Oh, they don’t think so. They love THEIR IDEA of the America that OUGHT TO exist. But the America that actually exists, which is shot through with flaws, they hate. And it’s a short step from hating imperfection to hating those you see as being responsible for that imperfection. Add fear of losing your imagined love permanently, and you have a recipe for just what we’re seeing.
I was going to list particulars, but perhaps it’s better for everybody to make their own lists.
An old saying has it that “the best is the enemy of the good,” DeMarco’s corollary (made up just this minute) states that an idealized image held too closely leads to hatred of reality, which is always imperfect.
And that, in turn, leads to an uncomfortable question for us all: How much am I letting my love for an idealized America turn into hatred of the America that actually exists? And what can come from hatred but more hatred?

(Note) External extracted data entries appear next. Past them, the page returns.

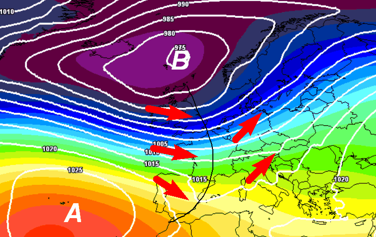 In un secondo momento le sopracitate correnti potrebbero assumere una componente più settentrionale, provenendo direttamente dal nord Atlantico. In questo caso sull’Italia potrebbe arrivare anche un po’ di freddo, specie al nord, con annesso calo del limite delle nevicate quantomeno sull’arco alpino.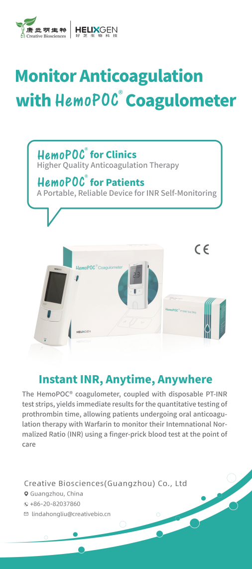 此外,康立明全資子公司好芝生物產品HemoPOC®凝血檢測系統也將亮相此次檢驗盛會。HemoPOC®凝血檢測儀是一款便攜式凝血檢測設備,與配套的檢測卡組成。HemoPOC®凝血檢測系統,用于定量測定新鮮指尖毛細血管血的凝血酶原時間。該系統操作簡單(凝血檢測操作視頻),滿足即時檢測及床旁檢測的應用需求,增強抗凝管理和慢病管理的有效性。
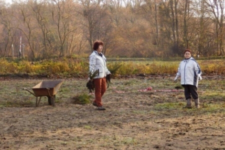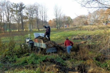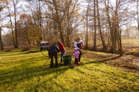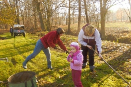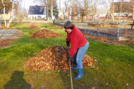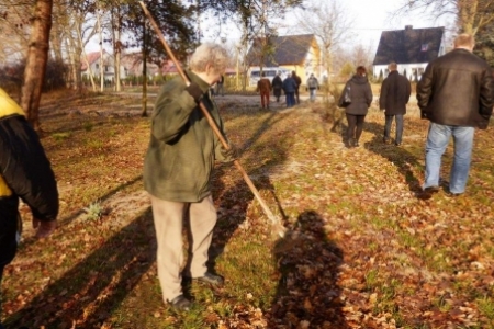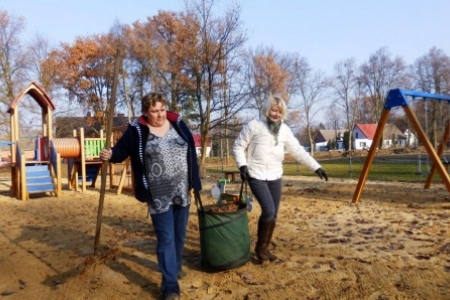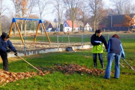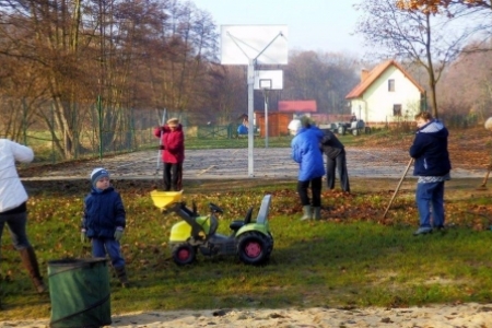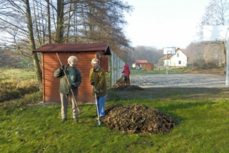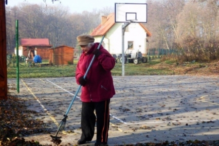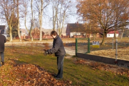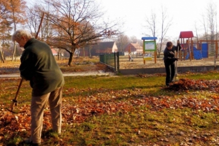 Było to zaproszenie do wspólnej ostatniej pracy w tym roku – nocne przymrozki strąciły ostatnie liście z drzew wokół placu rekreacyjnego w Rudzie Milickiej a ponadto przybyło kilkadziesiąt iglaków do posadzenia zarówno przy placu zabaw jak i wiatach. W sobotę jak na zamówienie była piękna pogoda, przy której praca miała charakter rekreacyjny. Jak zwykle z grabiami, taczkami, łopatami zjawiło się sporo osób – stawiły się głównie panie ponieważ praca była zapowiadana jako lekka, ale z górami liści bez traktorka pana Zygmunta Cieszkowskiego i pracy właściciela nie dalibyśmy sobie rady – metodą do tej pory stosowaną „na płachtę” sprzątalibyśmy kilka dni. A na początku wsi, pod witaczem, samotnie sprzątał liście pan Edward Brzóska. Natura w tym roku była nadzwyczaj hojna i sypnęła na trawnik dywanem jesiennych liści. Po akcji „jesienne sprzątanie” widać już zieleń trawnika, a jeże mają odłożone pod krzakami liście.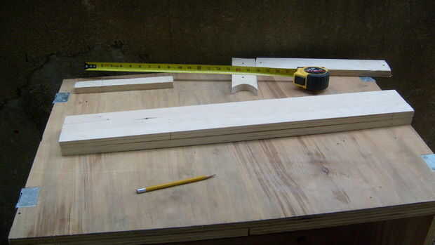 Marqué los discos en la sección 8 usando un transportador cada 45 grados. Luego colocar el primer disco en el segundo y dibujó un arco entre dos marcas saltando el centro uno (remontar el cubo). Marcada y taladre los orificios Asegúrese de que la segunda plataforma es mayor que el cubo inferior será.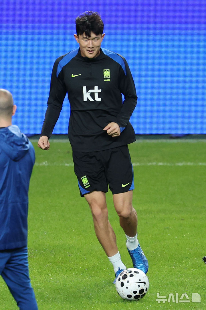 [서울=뉴시스] 권창회 기자 = 브라질과 친선평가전을 앞둔 대한민국 축구 국가대표팀 선수들이 9일 오후 서울 마포구 상암월드컵경기장에서 훈련을 하고 있다. 2025.10.09. [email protected]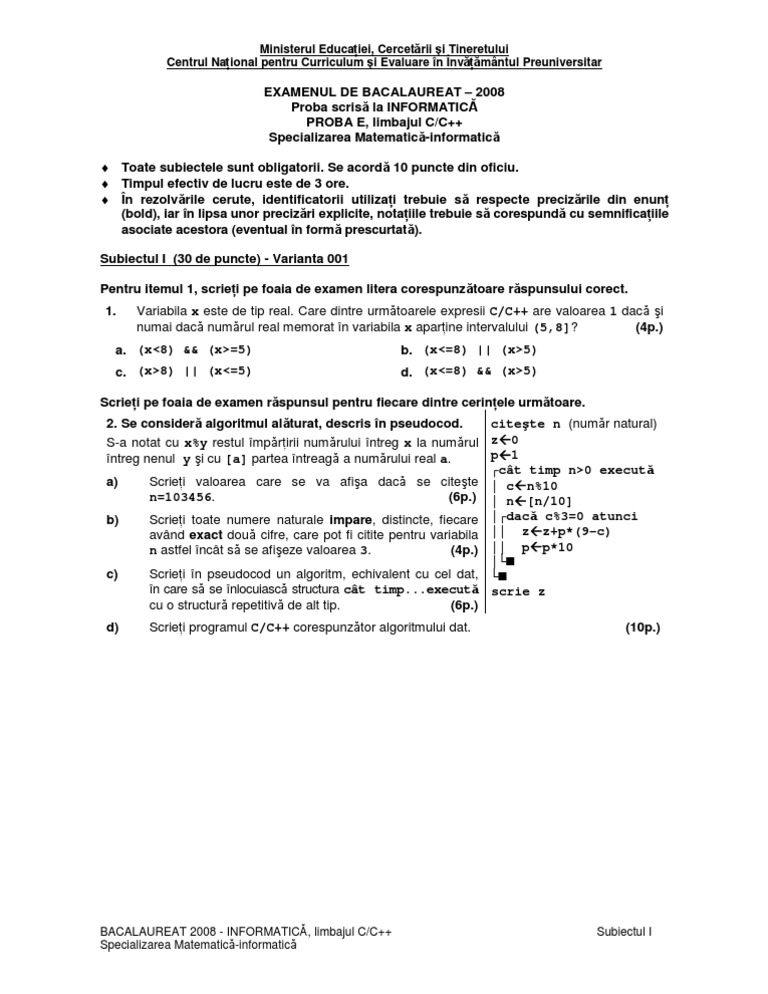 Bacalaureat 2009 Informatica Intensiv Pascal C C Procarti Ro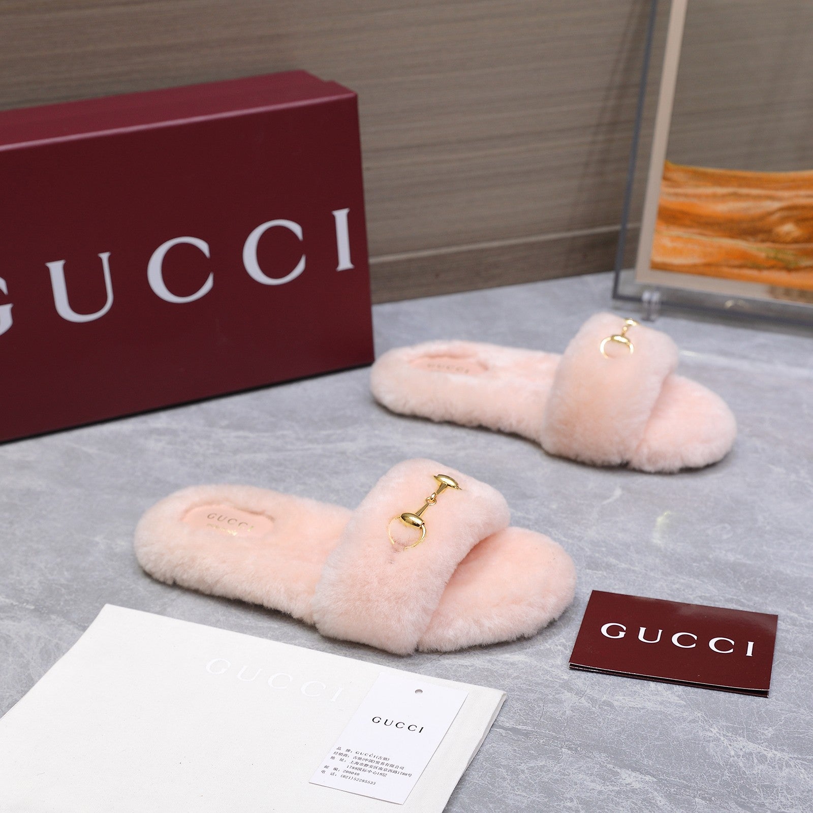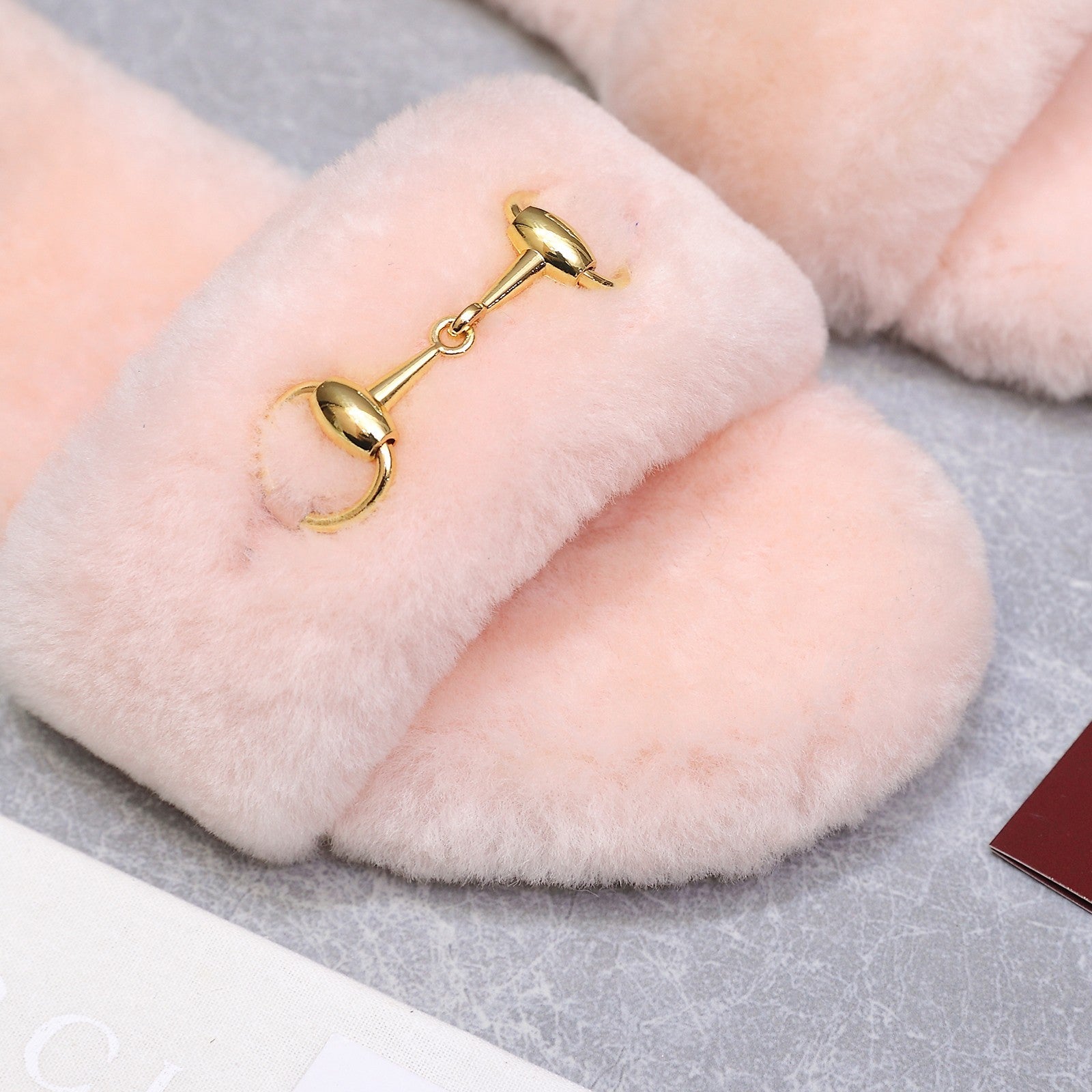GG Women's Slide with Horsebit Light Pink Fur 600970

Carl Jung said that condemnation always isolates, and only acceptance heals. Perhaps it is time we stop blaming each other for the fact that America isn’t what it should be, and start holding and spreading our vision of what it yet could be.

[I added a follow-up]

Do you hate America?
I know you don’t *think* you do, but —
Can you love America while hating its people?
Can you love its people if you only love *some* of its people?
Can you love America if you hate those Americans who hold ideas you hate?
So, do you love the *real* America — the one that exists, warts and all — or only the edited version you wish did exist?